Instructions for the task:
The material below holds pictures, which are to be left out; copy exactly the lines from the one with "Bus 680n in Wallsend: Stops & Timetable" through the one with "Петросян октрывала второе".

Data in this exercise:
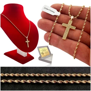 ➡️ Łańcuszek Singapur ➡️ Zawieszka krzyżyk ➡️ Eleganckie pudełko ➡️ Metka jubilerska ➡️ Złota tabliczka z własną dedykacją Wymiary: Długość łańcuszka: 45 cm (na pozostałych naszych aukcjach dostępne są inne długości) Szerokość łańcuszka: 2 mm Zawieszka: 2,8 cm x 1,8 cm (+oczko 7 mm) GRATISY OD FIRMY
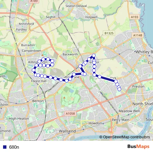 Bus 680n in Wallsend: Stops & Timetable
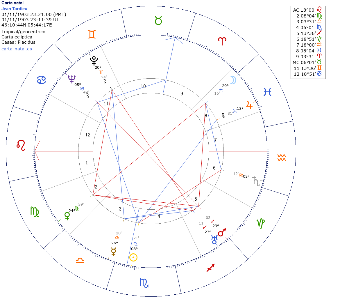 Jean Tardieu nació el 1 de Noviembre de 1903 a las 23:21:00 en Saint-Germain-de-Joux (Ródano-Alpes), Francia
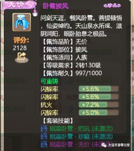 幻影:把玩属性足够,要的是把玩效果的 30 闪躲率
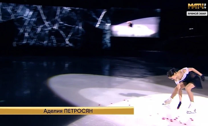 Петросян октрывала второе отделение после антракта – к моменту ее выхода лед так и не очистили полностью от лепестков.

* * *

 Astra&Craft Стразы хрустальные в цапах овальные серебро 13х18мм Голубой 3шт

Answer box:
 Bus 680n in Wallsend: Stops & Timetable
 Jean Tardieu nació el 1 de Noviembre de 1903 a las 23:21:00 en Saint-Germain-de-Joux (Ródano-Alpes), Francia
 幻影:把玩属性足够,要的是把玩效果的 30 闪躲率
 Петросян октрывала второе отделение после антракта – к моменту ее выхода лед так и не очистили полностью от лепестков.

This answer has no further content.